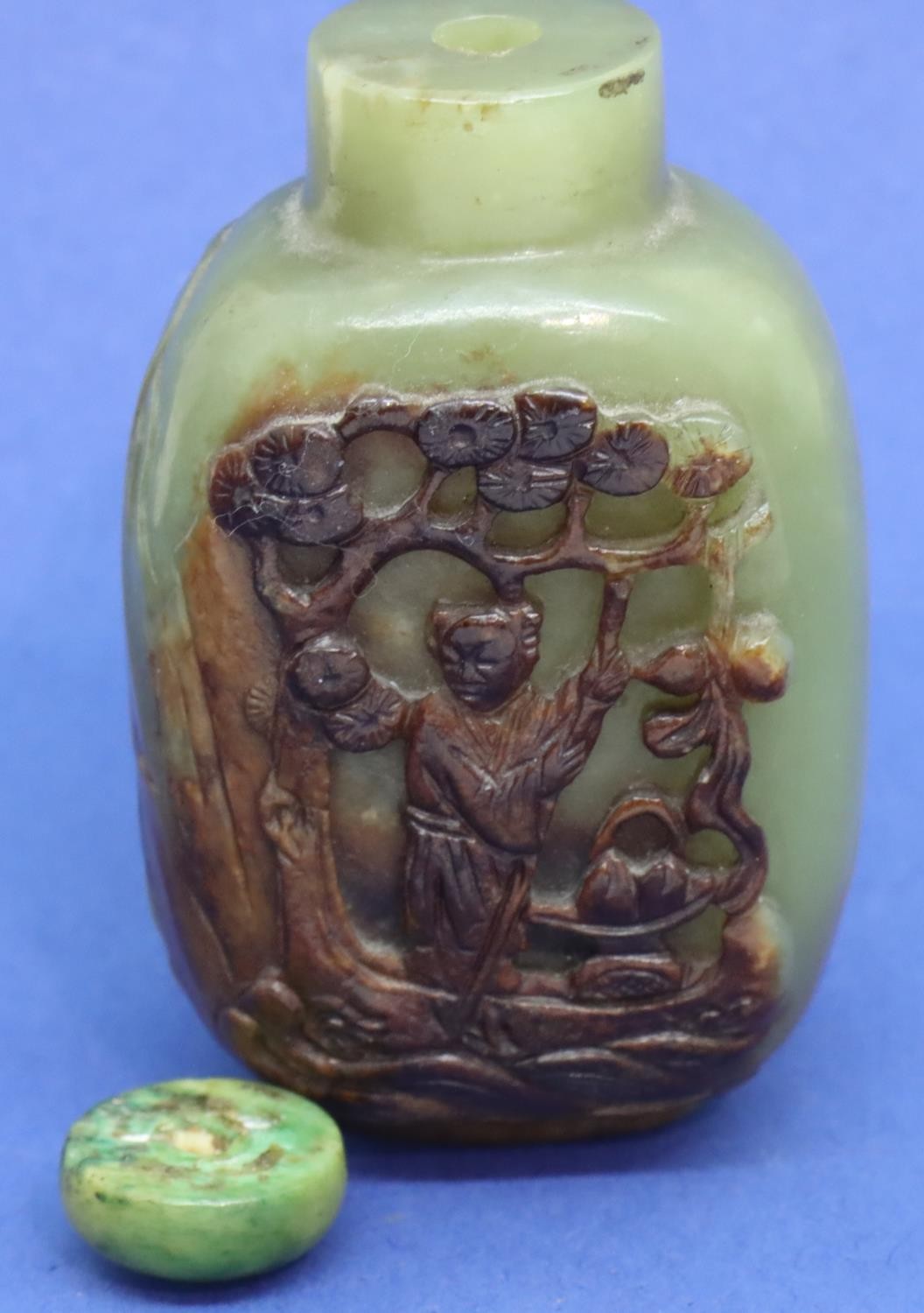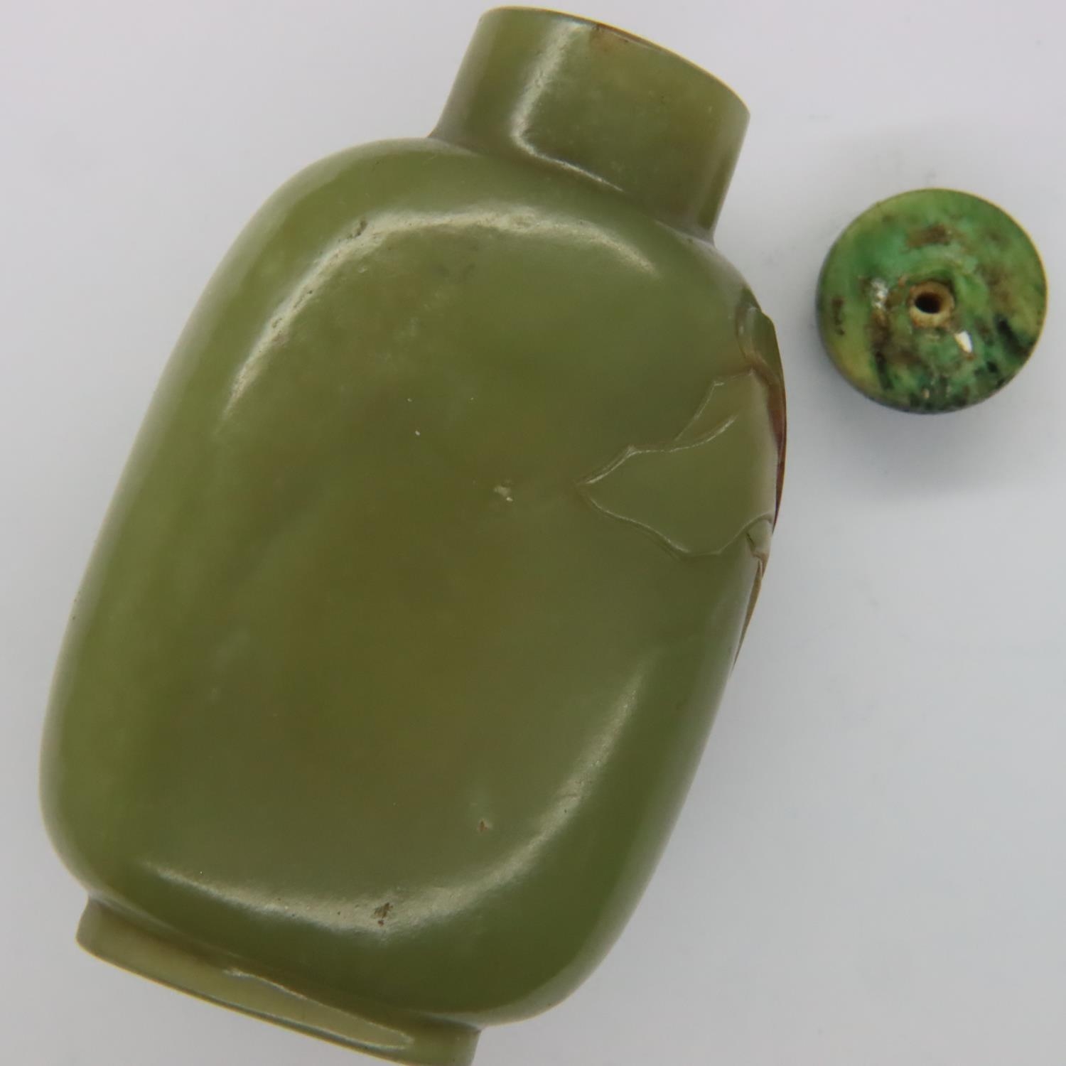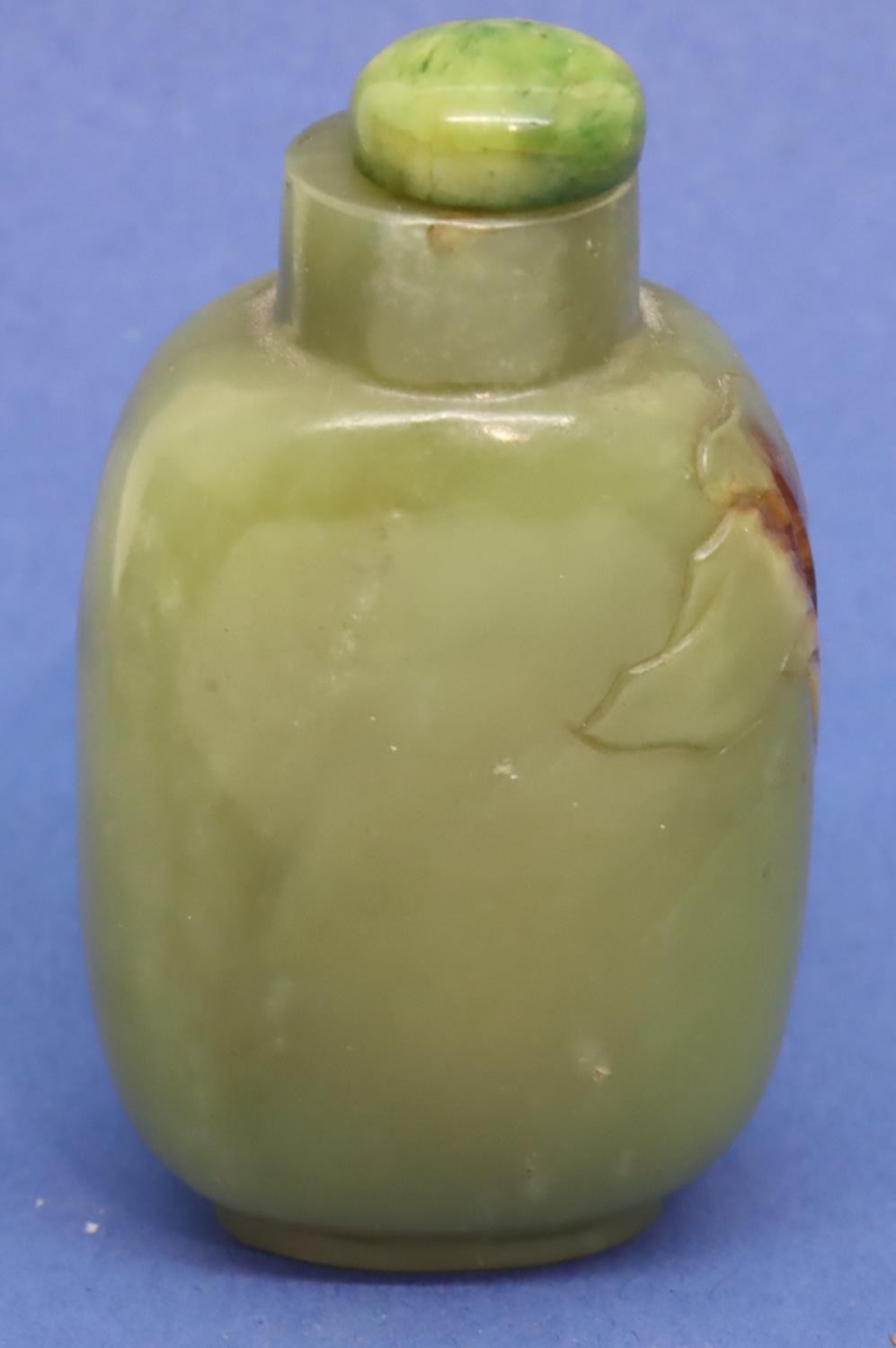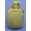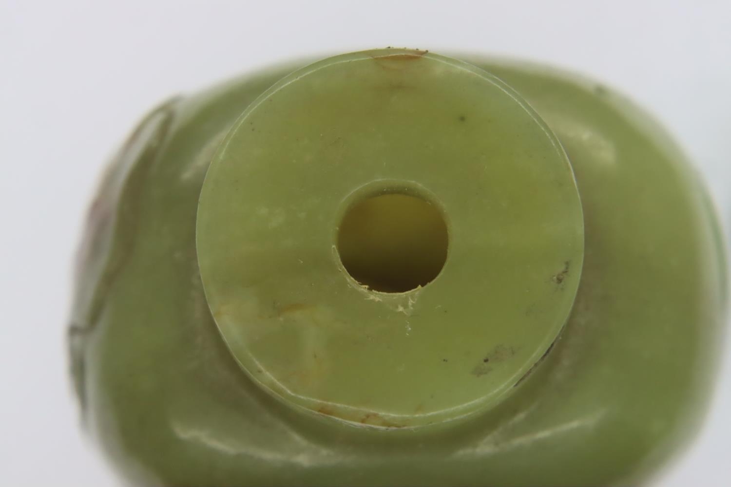Carved green jade snuff bottle with figural decanter with lid, lacking dropper. Good overall condition with no visible damages. P&P Group 1 (£14+VAT for the first lot and £1+VAT for subsequent lots)
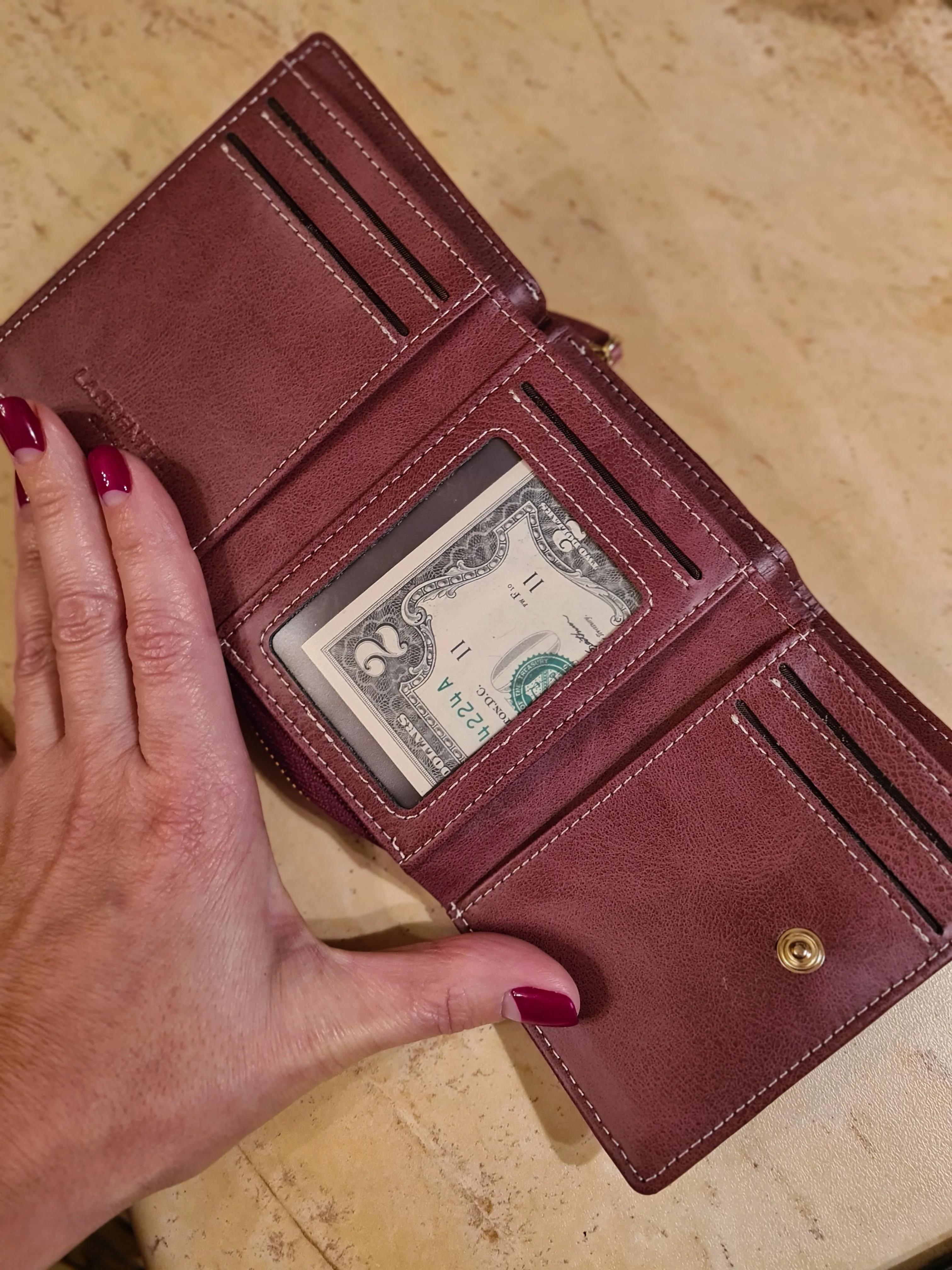 Симпатичный, качественный кошелек. Маленький, но так и было написано. Деньги влезают.
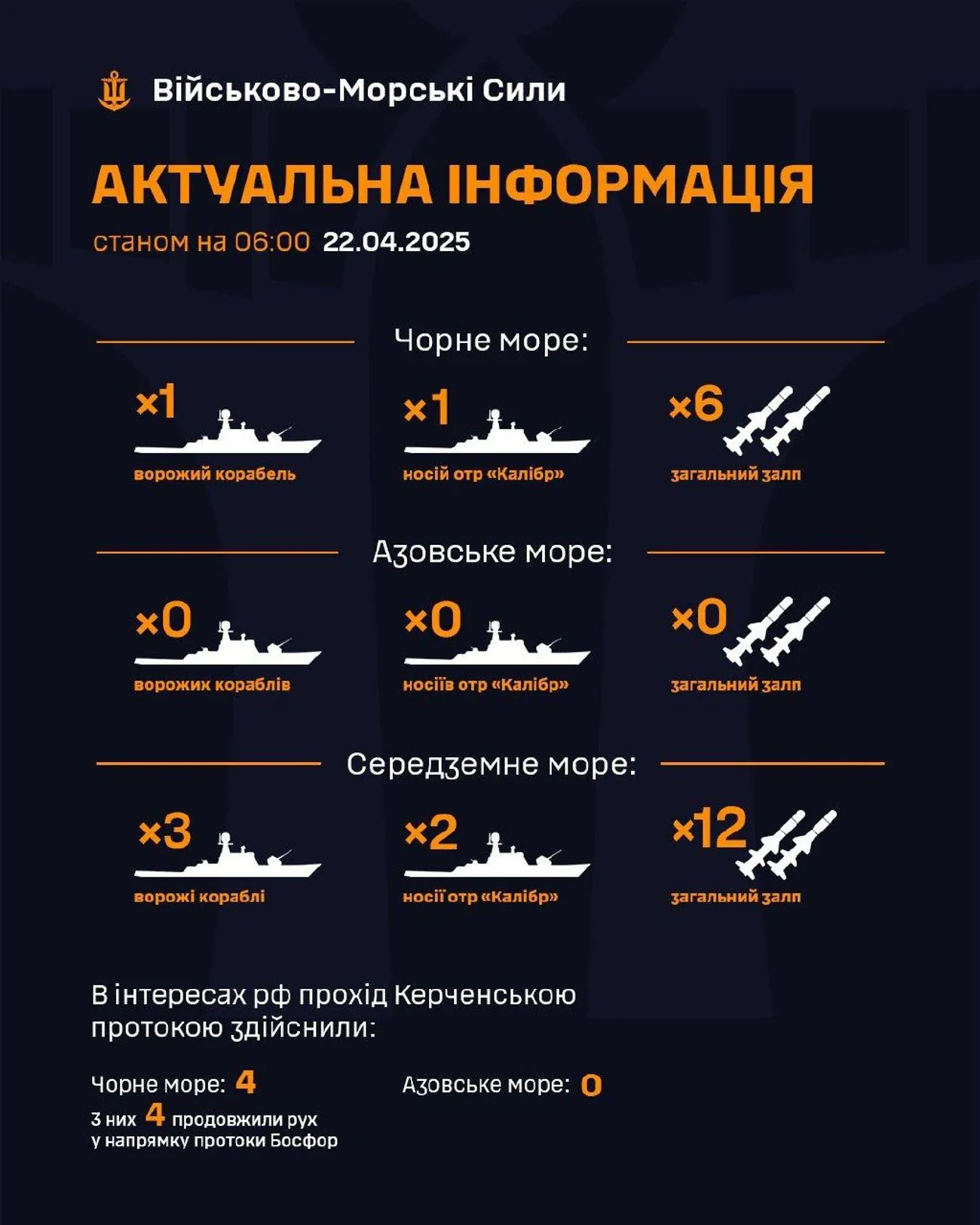Зазначається, що станом на 06:00 22.04.2025 в Чорному морі зафіксовано ворожий корабель, який є носієм крилатих ракет типу "Калібр" із загальним залпом до 6 ракет. В Середземному морі також триває чергування російських ракетоносіїв.
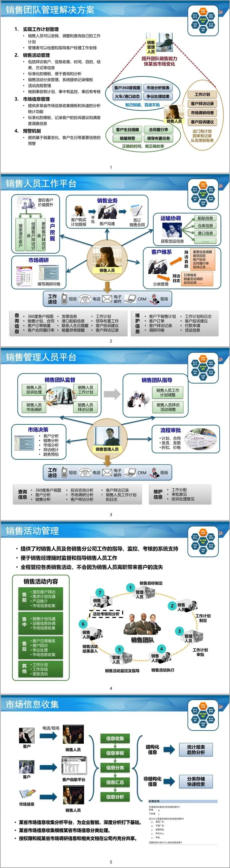- 销售团队管理:通过工作计划管理、客户拜访日志、市场信息收集、重要事件预警等功能,实现对销售人员活动的全过程监控与指导,提升团队销售能力与工作效率。
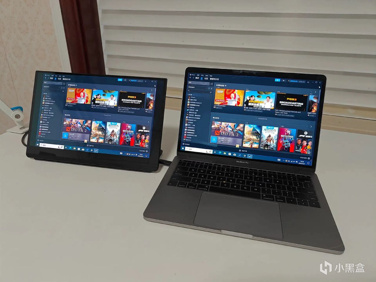 另外,我还整了一块EHOMEWEI O3 Air便携屏,笔记本电脑+便携屏能够大幅增加我的屏幕视野,能够大幅提升工作效率。便携屏方面,我用的是EHOMEWEI的O3 Air,这是一款13.3英寸的OLED便携屏,其搭载了一块4K分辨率的A+级原装三星OLED面板,8振10深色,官方宣传覆盖了100%的DCI-P3色域与100%的AdobeRGB色域,刚好和我的MacBook色域相当,实际色彩表现也极为优秀!
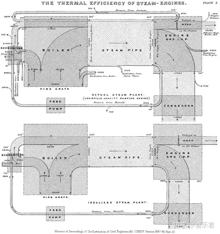 桑基图最初是用来描述蒸汽机(steam engine)的热量流转效率(energy flow efficiency),下图来自于1898年的Sankey图示,相对而言形式更加严谨复杂,

ABOUT THIS EXERCISE:
All entries above are to be reproduced exactly, with no pictures.

EXERCISE RESPONSE:
Carved green jade snuff bottle with figural decanter with lid, lacking dropper. Good overall condition with no visible damages. P&P Group 1 (£14+VAT for the first lot and £1+VAT for subsequent lots)
 Симпатичный, качественный кошелек. Маленький, но так и было написано. Деньги влезают.
Зазначається, що станом на 06:00 22.04.2025 в Чорному морі зафіксовано ворожий корабель, який є носієм крилатих ракет типу "Калібр" із загальним залпом до 6 ракет. В Середземному морі також триває чергування російських ракетоносіїв.
- 销售团队管理:通过工作计划管理、客户拜访日志、市场信息收集、重要事件预警等功能,实现对销售人员活动的全过程监控与指导,提升团队销售能力与工作效率。
 另外,我还整了一块EHOMEWEI O3 Air便携屏,笔记本电脑+便携屏能够大幅增加我的屏幕视野,能够大幅提升工作效率。便携屏方面,我用的是EHOMEWEI的O3 Air,这是一款13.3英寸的OLED便携屏,其搭载了一块4K分辨率的A+级原装三星OLED面板,8振10深色,官方宣传覆盖了100%的DCI-P3色域与100%的AdobeRGB色域,刚好和我的MacBook色域相当,实际色彩表现也极为优秀!
 桑基图最初是用来描述蒸汽机(steam engine)的热量流转效率(energy flow efficiency),下图来自于1898年的Sankey图示,相对而言形式更加严谨复杂,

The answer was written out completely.